In the aftermath of the First World War, the British Board of Trade and the India Office organised the repatriation of Indian seamen who had been taken prisoner or injured.

There was no significant amelioration of lascar working conditions. Indeed, while the British Maritime Board raised the pay rate for British sailors in 1917, lascar wages depreciated even further.

Very few individual memorials to lascar sailors exist in Britain. In Dover, P&O commissioned a memorial to the twenty-two lascar seamen who lost their lives when the SS Maloja was sunk in the English Channel.
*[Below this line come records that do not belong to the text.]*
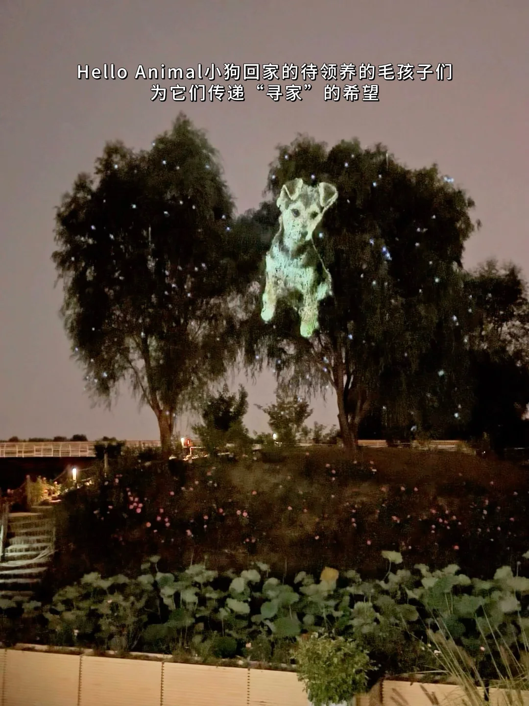 落日后,泛舟旁的咖啡厅前,心形大树上演萌宠光影秀,除了可以展示,征集来大家家中可爱的毛孩子们的图片外,园方还将与Hello Animal小狗回家合作,把待领养宠物的照片投射在大树之上,更能让更多人关注到待领养的毛孩子,为它们传递“寻家”的希望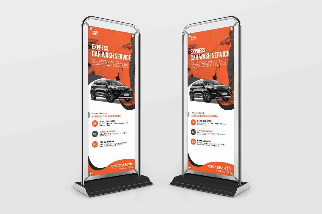 Banner roll-up untuk layanan cuci mobil ekspres yang menawarkan berbagai paket layanan cuci mobil dengan harga terjangkau. Paket yang tersedia mencaku...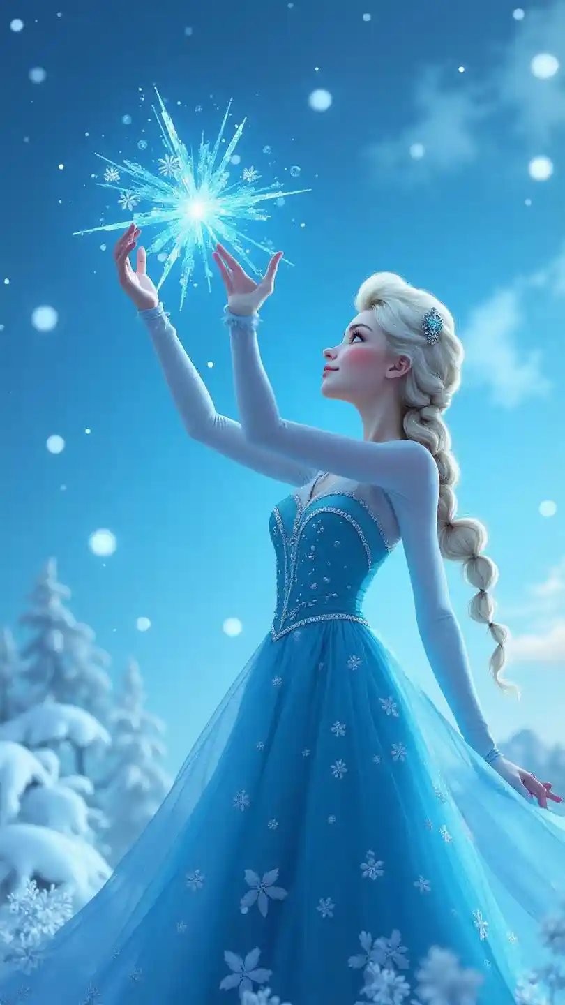 ChloeCielo azul con cristales de hielo flotando, Una escena fantástica donde una elegante princesa con un vestido azul levanta la mano para crear una hermosa magia de hielo, realista y vi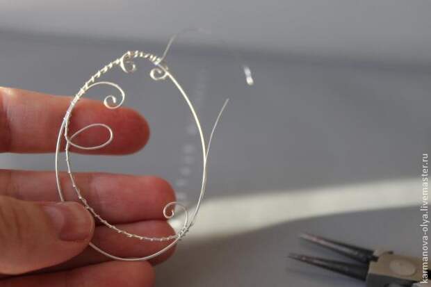 1. Берем 2 отрезка проволоки диаметром 0,6 мм длиной около 20 см. каждый. Затем 1 отрезок сгибаем в виде овала правильной формы, концы закручиваем с помощью круглогубец и перекрещиваем между собой, как бы делая узел из проволоки. Таким образом, мы сделали основу нашей серьги.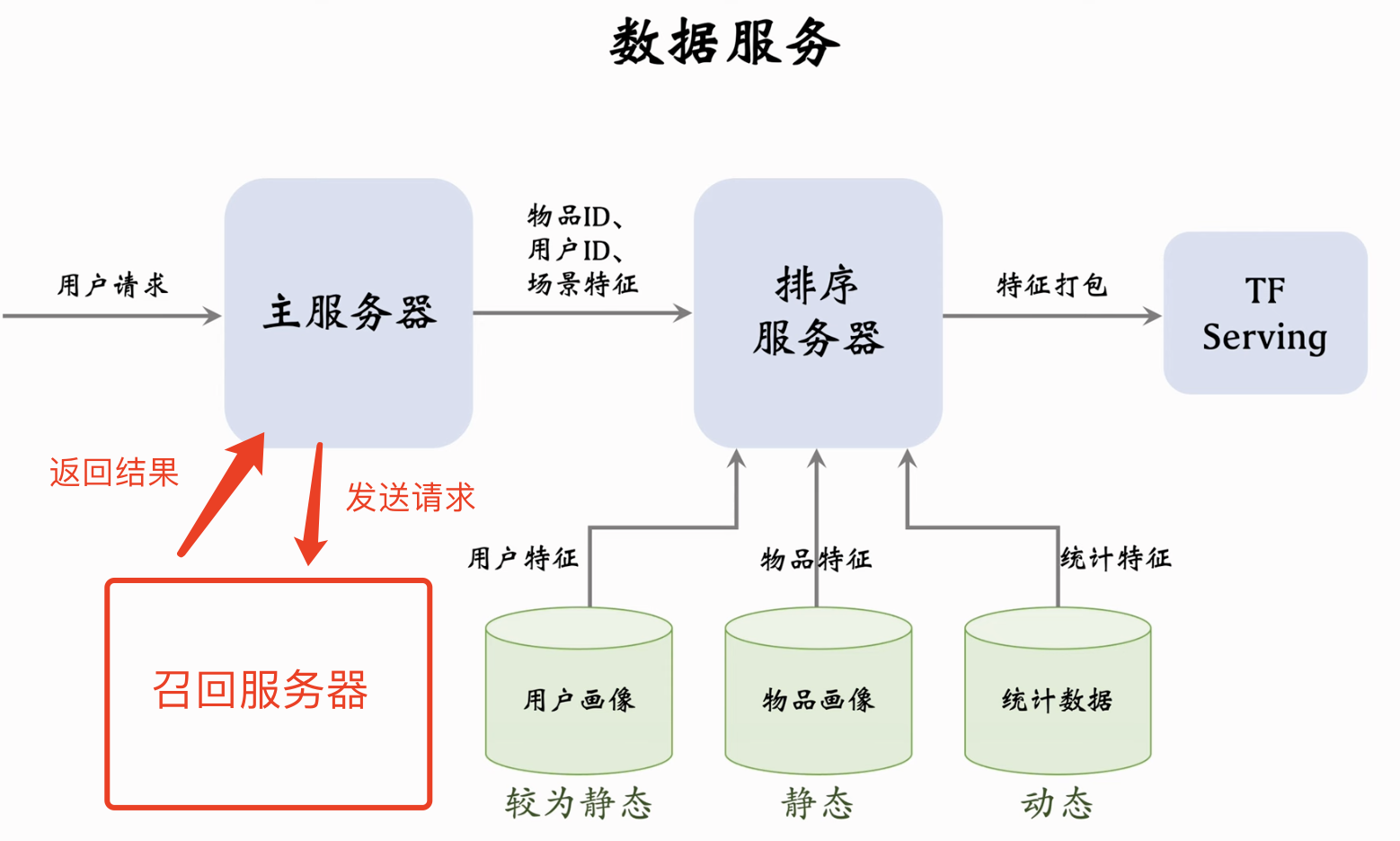 首先用户发送请求, 主服务器接受请求然后转发给召回服务器, 召回服务器多路召回并把结果(召回物品id)返回给主服务器.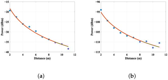 The fitting curve for the first phase’s attenuation coefficient is illustrated in Figure 9a, with the attenuation coefficient estimated through least squares fitting being 2.56. The inferred transmitted power dBm is lower than the actual configured signal transmission power of 26 dBm (considering the transmitting antenna and the receiving antenna gain as a standard gain of 3 dBi). Similarly, Figure 9b shows the second phase of the fitting curve, and . The inferred transmitted power of dBm is lower than the actual configured signal transmission power of −56.2 dBm. The tag insertion loss can be extrapolated from the above results. Since the antenna gain is non-standard gain and is involved in the fitting as an overall parameter, it is easy to obtain dB. Through estimating dB and dB from the test results, dB.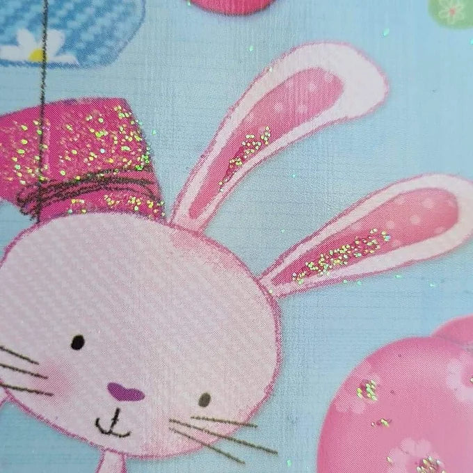 Cute happy rabbits with their balloons on the number three with some glitter elements.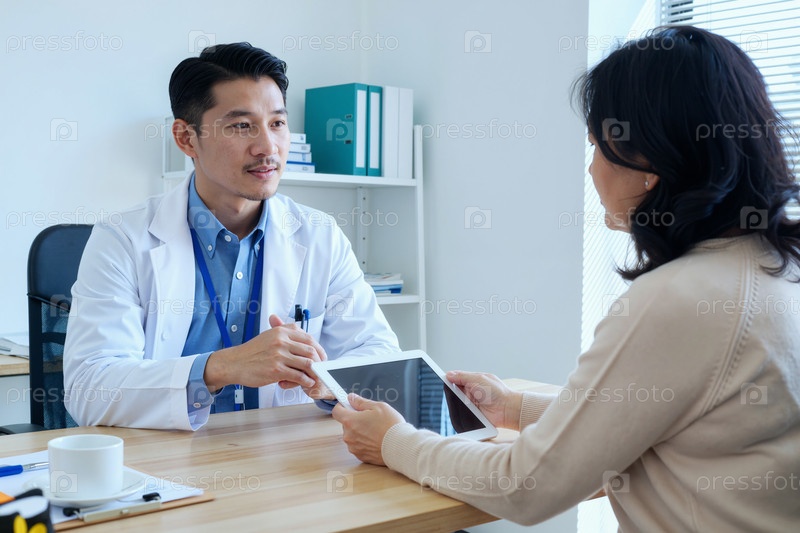 Азиатский мужчина Молодой взрослый Доктор Консультации Кавказская женщина среднего возраста Пациент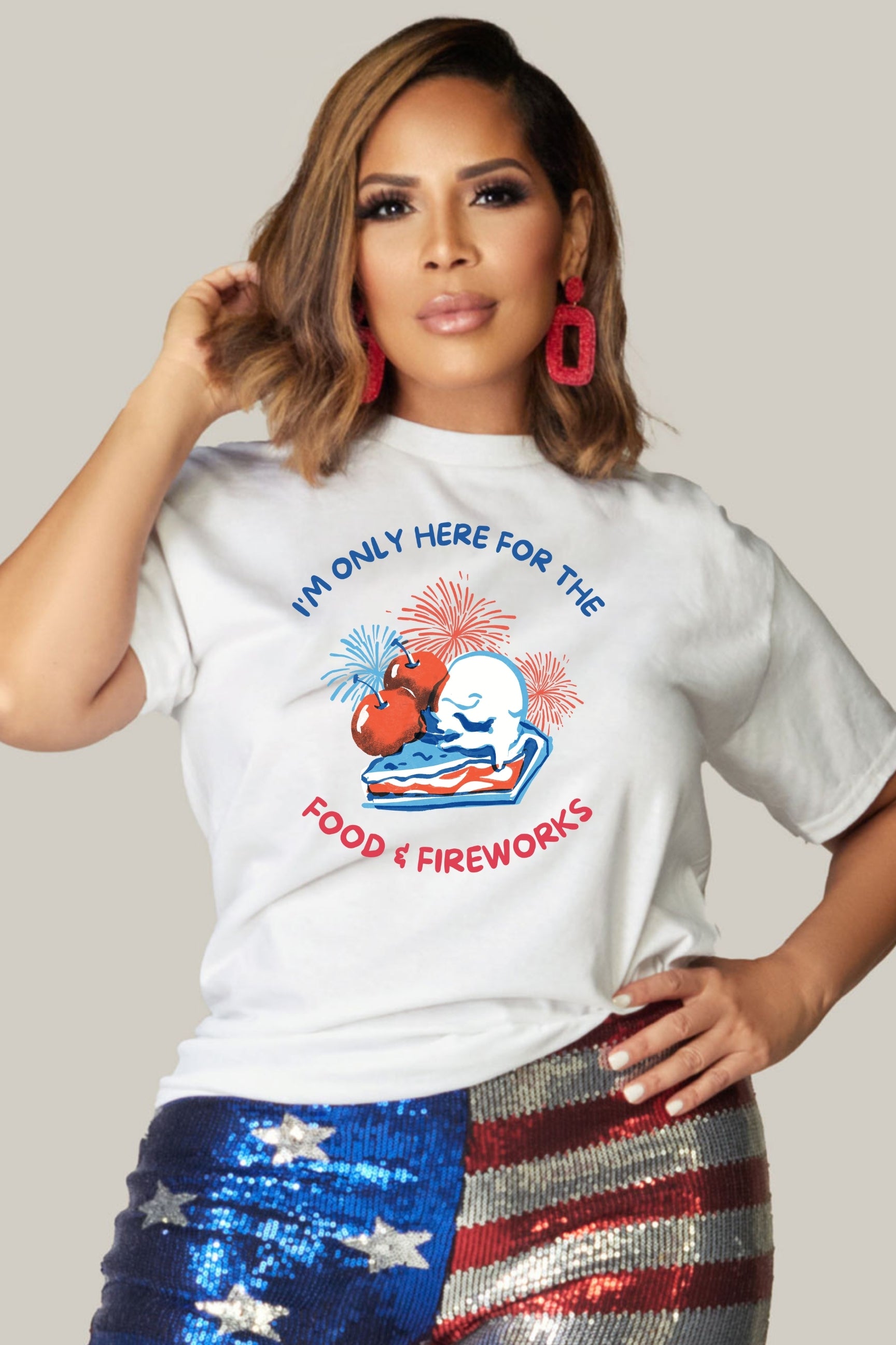 I'm Only Here for the Food and Fireworks Unisex Jersey Short Sleeve T-Shirt

In February 1917, it was suggested that lascars should be included in proposals to grant war medals to the Mercantile Marine. Lascars were to be eligible for the medal under the same conditions as other British seamen. This was also seen as a useful recruitment tool.

A group of Indian sailors was present at the unveiling of the Tower Hill Memorial in London on 12 December 1928 to honour the merchant mariners who lost their lives in the First World War. The memorial commemorates over 3,300 sunken ships and a loss of over 17,000 lives from Britain and the empire. However, the vital contributions of lascars to the war effort have remained largely unrecognised.